Linho e estratégia no verão
Em Maceió, a leitura do comportamento do consumidor também orienta as decisões da Fire, marca de moda masculina criada por Julio César Barroso de Lima, conhecido como Julio Badu, de 24 anos. Vindo de uma família com forte atuação na confecção, ele percebeu ainda jovem uma lacuna no mercado.
“Eu tinha 17, 18 anos e sentia falta de um estilo mais leve, mais jovem, que combinasse com o nosso clima. A Fire nasceu dessa necessidade”, conta.
A marca começou com shorts estampados e, ao longo dos anos, ampliou o portfólio para peças casuais, sociais e moda litorânea, sempre com foco em conforto e respirabilidade. O linho se tornou um dos principais pilares da marca.
“O linho está sempre em alta aqui no Nordeste. É um tecido fresco, elegante e que funciona para o dia inteiro. A gente trabalha com produção própria, o que permite ter preço competitivo e acompanhar as tendências de forma mais rápida”, explica Julio.
Criada em 2018, a Fire cresceu apoiada no posicionamento digital. “Enquanto muita gente precisou se reinventar, a gente já estava no e-commerce e nas redes sociais.” Hoje, a empresa registra crescimento médio de 40% no faturamento de 2023 para 2024 e projeta alta de até 100% no faturamento em dezembro de 2025, impulsionada pela alta estação e pela abertura de uma segunda loja.

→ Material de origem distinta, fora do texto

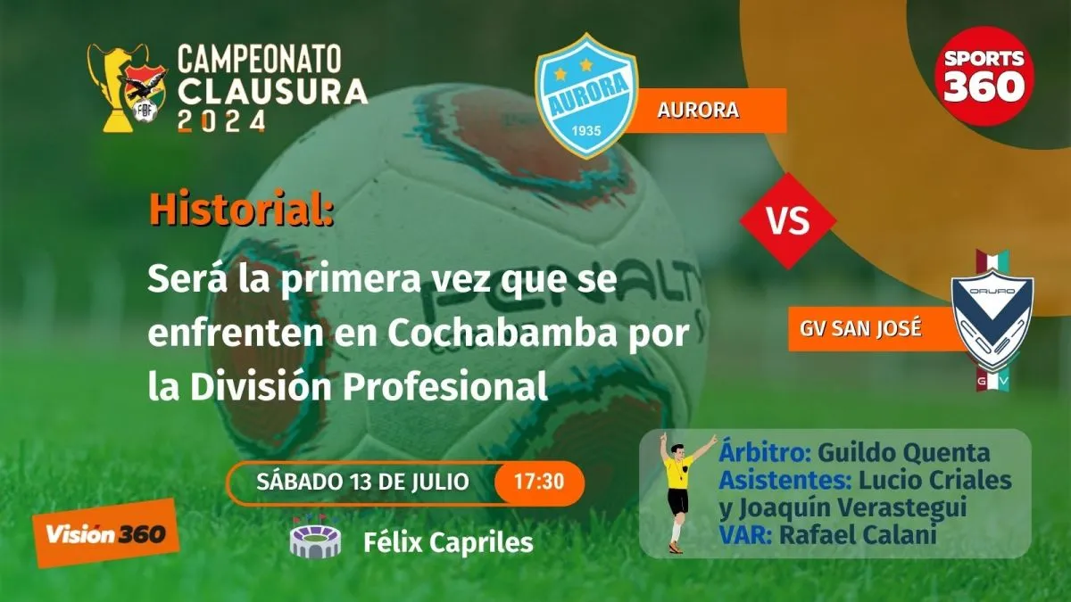 Desde las 17.30 en el Félix Capriles, también en Cochabamba, Aurora saldrá a defender su invicto ante GV San José
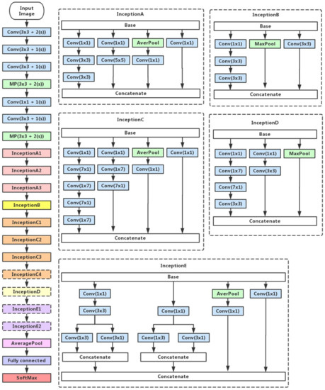 - Szegedy, C.; Vanhoucke, V.; Ioffe, S.; Shlens, J.; Wojna, Z. Rethinking the inception architecture for computer vision. In Proceedings of the IEEE Conference on Computer Vision and Pattern Recognition, Las Vegas, NV, USA, 27–30 June 2016; pp. 2818–2826. [Google Scholar]
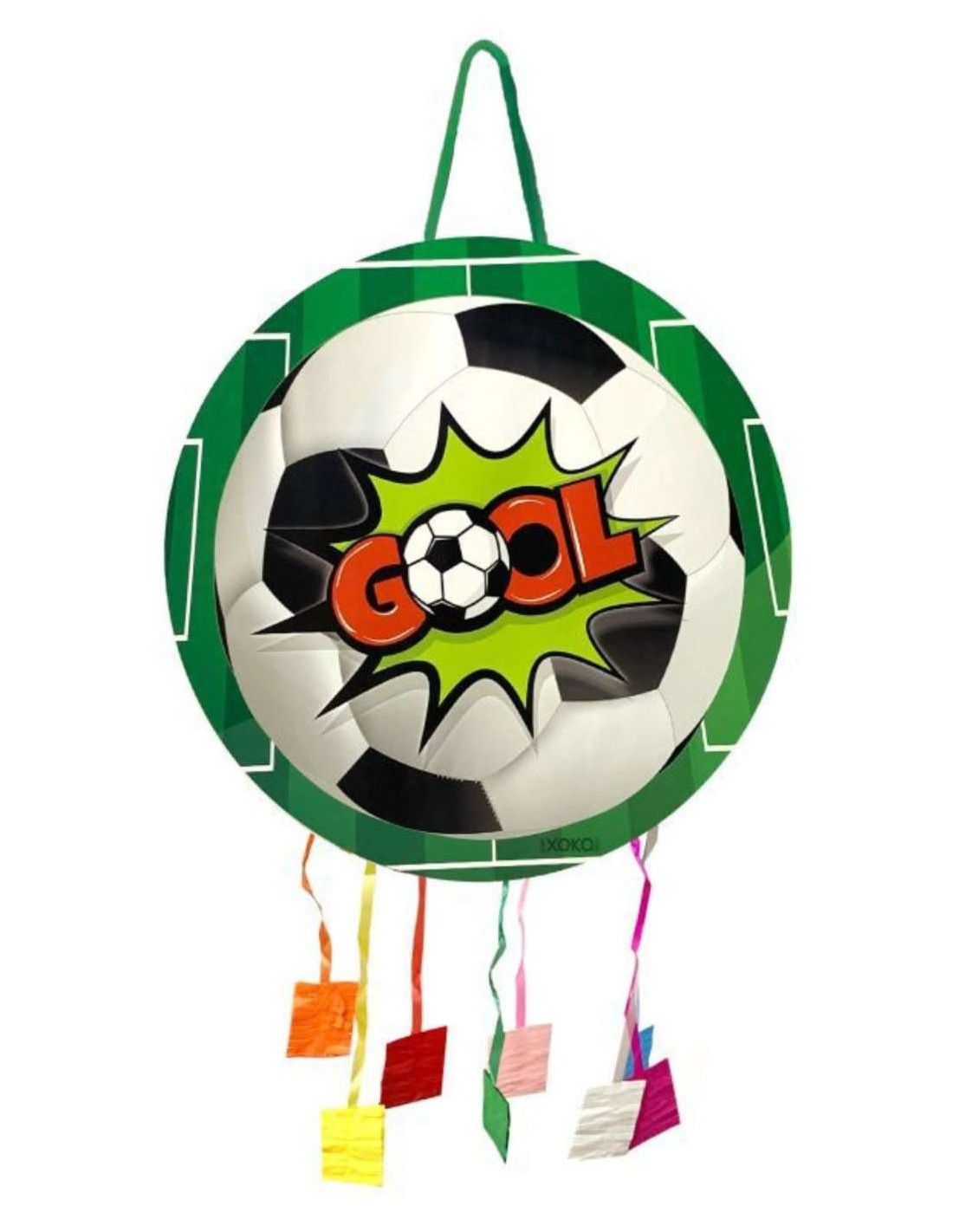Original piñata de balón de futbol para celebrar el cumpleaños de los fanáticos de ese deporte.
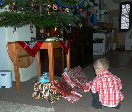 Aztán eltelt néhány nap, és a két héttel ezelőtti Csongornaplóban megírt szorongásom ellenére lett bejgli, mézeskalács, aprósütemény, tiszta lakás, még fodrásznál is voltam, és az ünnepi ebéddel-vacsorával is előre tudtam dolgozni annyira, hogy Szenteste már csak néhány apró simítás erejéig kellett a konyhában tartózkodnom. Marci éves váltásban tölti az ünnepet hol itthon, hol az apjáéknál, most éppen ott volt, úgyhogy csak két kicsi tágra nyílt szemeit és örömét csodálhattuk.
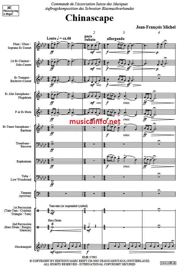 Zusatzinfo/Inhalt „Chinascape“ von Jean-François Michel ist ein Beispiel dafür, wie zeitgenössische Kompositionen kulturelle Grenzen überwinden und neue Impulse für die Blasmusikszene setzen können. Das Werk bietet Dirigenten die Möglichkeit, ihr Programm um ein Stück zu ergänzen, das sowohl musikalisch anspruchsvoll als auch zugänglich ist. Für Musiker stellt es eine Herausforderung dar, sich mit ungewöhnlichen Klangfarben und Rhythmen auseinanderzusetzen, was die künstlerische Entwicklung fördert. Insgesamt ist „Chinascape“ eine wertvolle Bereicherung für das moderne Blasorchester-Repertoire und ein Beleg für die kreative Vielfalt der zeitgenössischen Blasmusik.
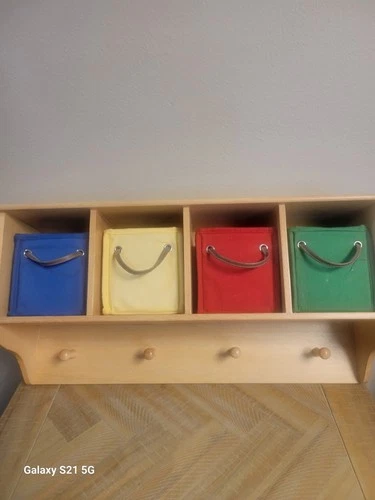 “Kids Wall Storage Cubby Shelf w/ 4 Fabric Bins & Hooks Wood Organizer Toy Stora
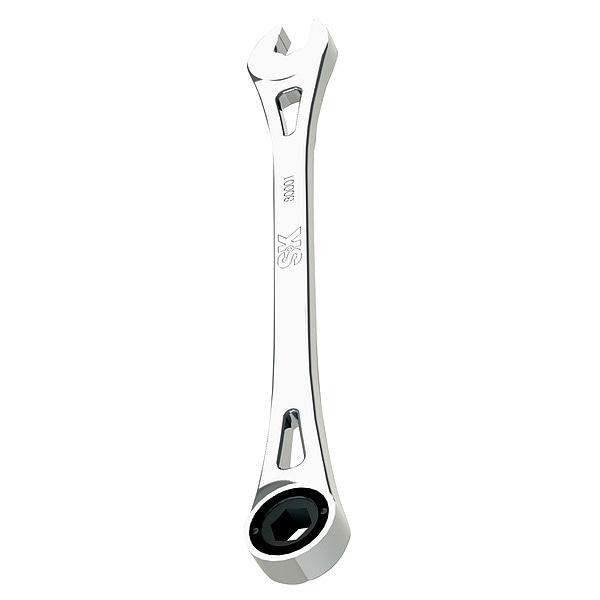 Ratcheting Wrench, Alloy Steel, Chrome, Head Size 8 mm, Overall Length 6 3/4 in, Head Offset Angle 0 Degrees , Opening Angle (Deg.) 0 Degrees , Standard, Head Thickness 5/16 in, 1/2 in, Metric, Rounded
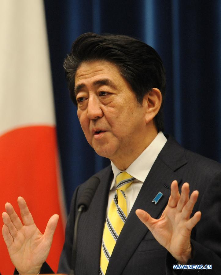 Japanese Prime Minister Shinzo Abe speaks during a press conference at his official residence in Tokyo, Japan, Nov. 21, 2014. Japan dissolved the House of Representatives, or the lower house in its bicameral parliament, on Friday for a general election slated for Dec. 14, with Prime Minister Shinzo Abe's economic policies dubbed "Abenomics" and other polices to be tested in the looming vote. (Xinhua/Stringer)

Sebrae amplia oportunidades para quem empreende na moda
Para Marina Gatto, analista do Sebrae Alagoas, a moda autoral e o artesanato são estratégicos para o desenvolvimento econômico dos territórios. “Quando o empreendedor transforma identidade cultural em produto, ele gera renda, fortalece comunidades e cria negócios com mais valor agregado.”
Segundo ela, o Sebrae atua para qualificar esses empreendedores, ampliar acesso a mercado e estruturar marcas que respeitem o território e tenham competitividade.
Já Carol Ávila, analista do Sebrae com atuação no setor da moda, destaca que o relacionamento com o cliente se tornou central no pós-pandemia. “Entender o comportamento do consumidor e construir uma relação próxima é fundamental para inovar. Hoje, não basta vender produto, é preciso gerar conexão.”
O Sebrae oferece consultorias, capacitações e acompanhamento em áreas como gestão, finanças, posicionamento de marca e relacionamento com o cliente, apoiando micro e pequenos empreendedores, e contribuindo para transformar criatividade em negócio sustentável.
No mercado da moda, entender o comportamento do consumidor e estruturar o negócio se tornou tão importante quanto o produto. Em Alagoas, o verão reforça esse movimento e amplia as oportunidades para quem empreende com planejamento e apoio especializado.